Your goal
Leave out the pictures and print precisely the lines from the line with "500VA - 800VA" to the final line of the entries, both ends included.

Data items
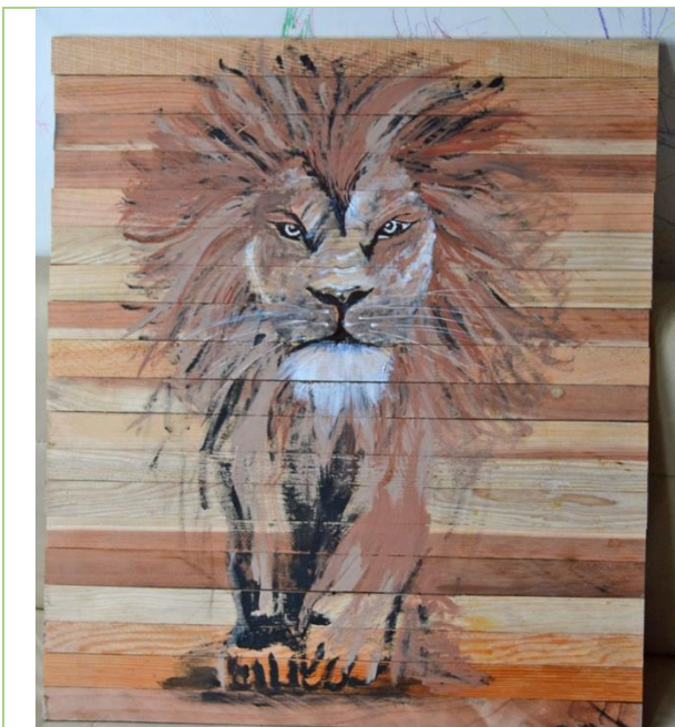
If your artistically inclined, the crating makes a great canvas to: Lion of the Tribe of Juda by Patricia Vallejo

Assembly Service Available Nationwide: All orders over $3,000. in size can choose to have Forever Redwood assemble for you. Just choose White Glove Service in the Shopping Cart or at Checkout. For more information on White Glove, please go to: WHITE GLOVE .
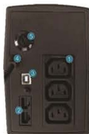
500VA - 800VA
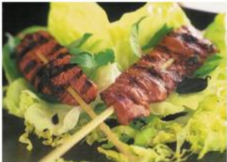
Grilled Skirt Steak
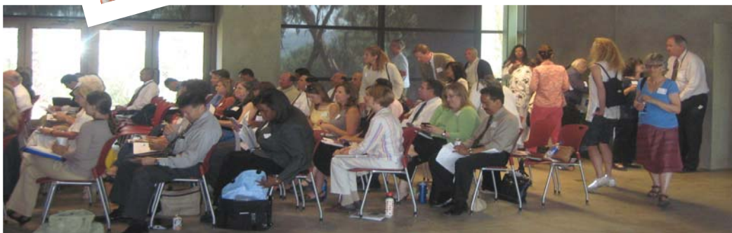
About 70 stakeholders came to listen to the accomplishments and other program highlights of the City
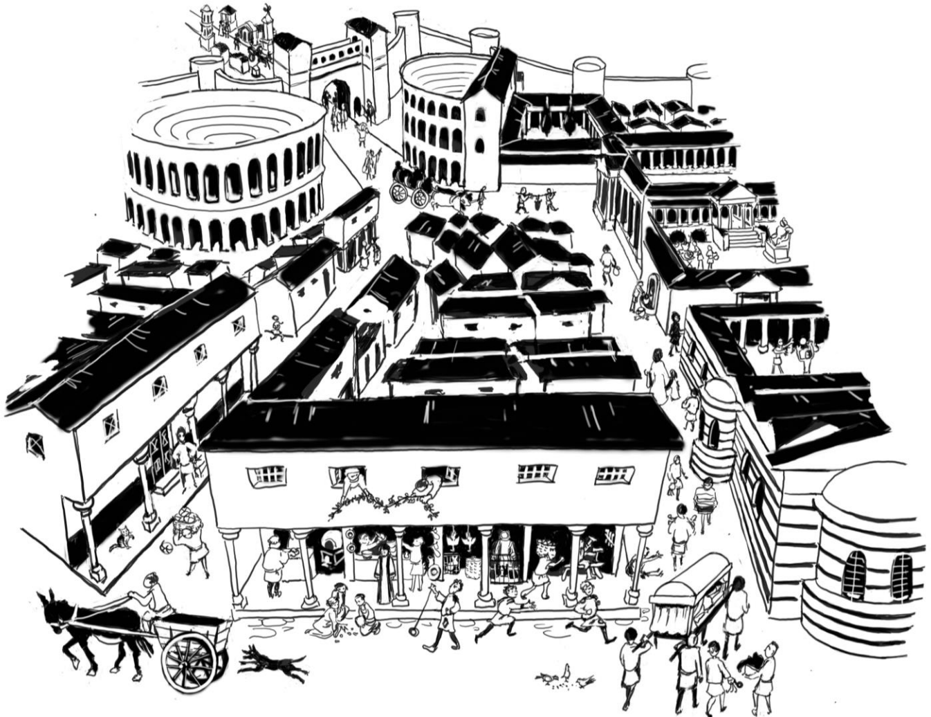
ILLUSTRATION 2: Arelate
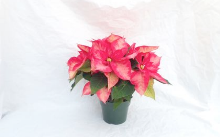
Premium Ice Crystals

Output for this exercise
500VA - 800VA
Grilled Skirt Steak
About 70 stakeholders came to listen to the accomplishments and other program highlights of the City
ILLUSTRATION 2: Arelate
Premium Ice Crystals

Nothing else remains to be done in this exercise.